The next president of course won't be there, but Obama seems likely to be open to sharing some power with other countries. At the very least, it means that he can share some of the blame as well. But not even a "liberal, elite" president like Obama will cede US economic supremacy lightly.
Indeed, while all the of the world leaders on display this weekend are sure to talk about new beginnings – and the confidence that should give the markets should not be dismissed – the truth is that this forum begins a new tug-of-war between national sovereignty and international regulation. Capital and markets aren't constrained by nation states; governments are. How, and how far, the rule-makers follow the traders across borders are perhaps the hardest of all the hard questions that this crisis is forcing us to address. There is no answer, of course. The tug-of-war is endless. But these politicians have to find some global answers with some global regulations enforced by some global policemen or the traders will make monkeys of them again.
Former Canadian prime minister Paul Martin is one of the few men so far to have had his reputation enhanced by this crisis. He resisted pressure to deregulate the Canadian banking system and Canada has been relatively un-crunched by the credit crisis. As he told Foreign Policy, "The only answer is ongoing dialogue between regulators, constantly trying to stay, if not a step ahead, at least up to speed with the market".

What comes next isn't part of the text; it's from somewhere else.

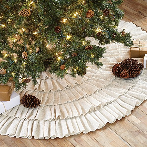 SHIMMER BURLAP CREME RUFFLE TRIM RUSTIC CHRISTMAS TREE SKIRT, 50 INCHES, HOLIDAY DECORATION
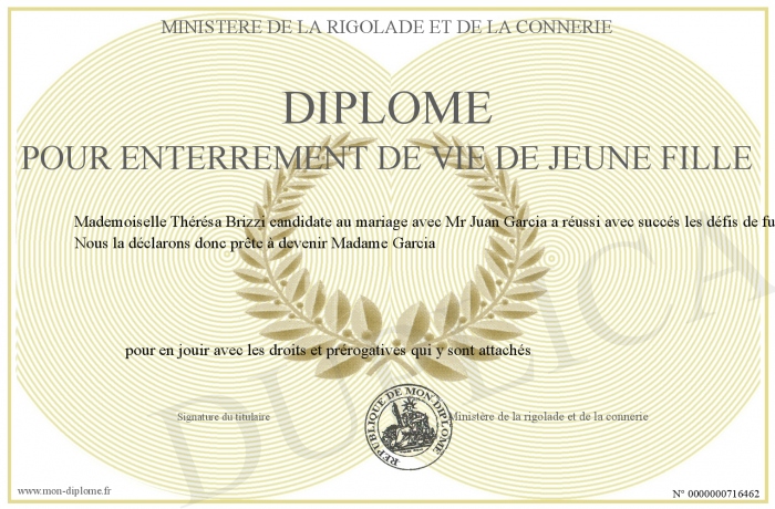 Envoyez par email votre Diplôme pour enterrement de vie de jeune fille personalisé

That can only be done if we get past this amero-centric world view and allow smaller and emerging nations more sway in whatever system emerges. Consider China – it holds a quarter of the world's hard currency reserves and could be the world's largest economy by 2025. Yet it isn't even part of the G8. Then there's India, Brazil, Chile... Poorer countries, while they don't have complicated financial systems at risk from this crisis, are battling to deal with dropping first-world demand. Relative to a year ago, prices of industrial metals are down by 45
percent, energy prices by 32 percent, and agricultural prices by 24 percent. As immigrant workers in the developed world are laid off, the amount being sent home to the developing world in the form of remittances is falling. This is not a problem for the old boys' network to fix alone.
In his interview with Foreign Policy, Martin continued:
The G-20 leaders should use this meeting to begin the reform of other institutions. The fundamental flaw in the G-8 is that it no longer [includes] the major economies: Brazil, India, and China. Brazil and others are not permanent members; they are only guests by sufferance. This makes no sense. Do what you think is necessary with the Bretton Woods institutions, but for heaven’s sake, stop keeping half the world out of them! My view is that a vibrant G-20 will become the instrument of reform.
So perhaps the most significant thing to come out of this weekend's meeting is that it has been held under the auspices of the G20 rather than the G8. The tent is getting just a bit bigger. That, to steal a line of the times, is change we can believe in. And it promises more significant change to come.